Шрифт:
Интервал:
Закладка:
— Не, я на такой развод не подписывался. Пусть одна чешет, а я рядом где-нибудь потрусь.
Он не хочет со мной идти?
Вот же вредина!
Да я сама не пальцем деланная!
— Я тоже с ним не хочу идти. В самом деле, давайте я пойду одна? Дадите мне какой-нибудь порошок, и я околдую Анатолия, — я поддержала возглас Игоря.
Галина Кирилловна хмыкнула и покачала головой. Она вышла из-за стола и приблизилась к платяному шкафу в соседней комнате:
— Ты сможешь говорить нормально, только если он будет рядом. А сейчас хватит пререкаться, ты поедешь домой, а вот завтра отправишься на эту, самую… вечеруху. Игорь отвези её. Не смотри так — из-за тебя мы стараемся исправить оплошность. И побудешь возле её дома, чтобы она смогла нормально объясниться с родными. А завтра мы соберем вас на праздник. Вот как раз и платье к случаю подойдет.
Галина Кирилловна извлекла на свет произведение портного искусства. Я почувствовала, что волосы встали дыбом, будто схватилась за металлические шарики электроскопа. Похоже, что бал будет тот ещё…
Глава 5
«— Где ты вчера ночью была?
— По району гуляла.
— Он же неблагополучный!
— Ещё какой благополучный!
Смотри — два айфона и цепура.»
Народное творчество
— Почему ты не отвечала на звонки? — нахмурился сидящий в кресле отец, когда я показалась на пороге квартиры.
Я озадаченно полезла в сумочку и ахнула — на табло было около восьмидесяти пропущенных вызовов. Причем не только от отца и подруг, но также и от заведующей отделением.
Похоже, что в полицейском отделении телефон поставили на беззвучный режим. Ух, гады какие, надо было пнуть дежурного, пока он красовался статуей посреди помещения.
Или это сказывается проклятье? Скорее всего это именно второй вариант.
— Па-а-а, я телефон нечаянно поставила на беззвучный. Прости, пожалуйста, если сильно волновался. Со мной всё в порядке, я у Тани была, — я попыталась сделать глаза кота в сапогах из мультфильма «Шрек».

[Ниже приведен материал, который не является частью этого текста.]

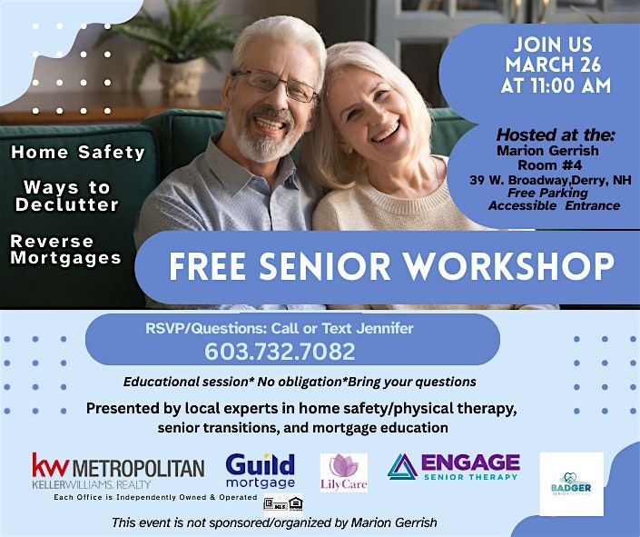 We’re hosting a Senior Planning Workshop designed for active adults who want to stay independent and informed. We’ll cover three important areas: how to safely declutter and simplify your home, practical ways to improve safety and prevent falls, and an educational overview of reverse mortgages and home equity options. It’s not a sales event — it’s simply clear information so seniors can make confident decisions before anything feels urgent.

— Я звонил Тане, она сказала, что не видела тебя со вчерашнего дня. И на экзамен ты не пришла. Позволь поинтересоваться — где ты была весь день?
Ой, как стыдно… Я вспомнила, когда в последний раз ощущала себя такой виноватой. В шесть лет я нечаянно разбила вазу и сказала, что это сделала кошка Муся. Отец тогда посмотрел на меня тем же укоризненным взглядом, которым смотрит сейчас. И точно также у эркера стояло синее кресло, и точно также лежал на полу турецкий красно-желтый ковер, а возле тумбочки телевизора вылизывалась кошка Муся.
Сестры с мачехой умчались на фитнес, поэтому дозу подколок и оскорблений я получу только вечером, а вот отцу отвечать нужно прямо сейчас. Хорошо ещё, что возле подъезда остался сидеть Игорек, и можно нормально всё объяснить…
Нормально?
Объяснить нормально, что меня прокляли и теперь я должна буду получить от Анатолия Костюмова поцелуй любви, чтобы проклятия потеряли силу? И где я буду вместо Кипра? В сумасшедшем доме, рядом с веселыми обитателями? Нет, это не очень хорошая мысль. Пожалуй, случай с волшебниками стоит опустить.
— Пап, я честно пошла на экзамен. Почти дошла, когда стала свидетельницей преступления. Молодой человек обокрал майора ГИБДД, а меня взяли для дачи показаний. Ты же знаешь, как долго в полиции мусолят. Папочка, я не хотела тебя волновать. Честно-честно.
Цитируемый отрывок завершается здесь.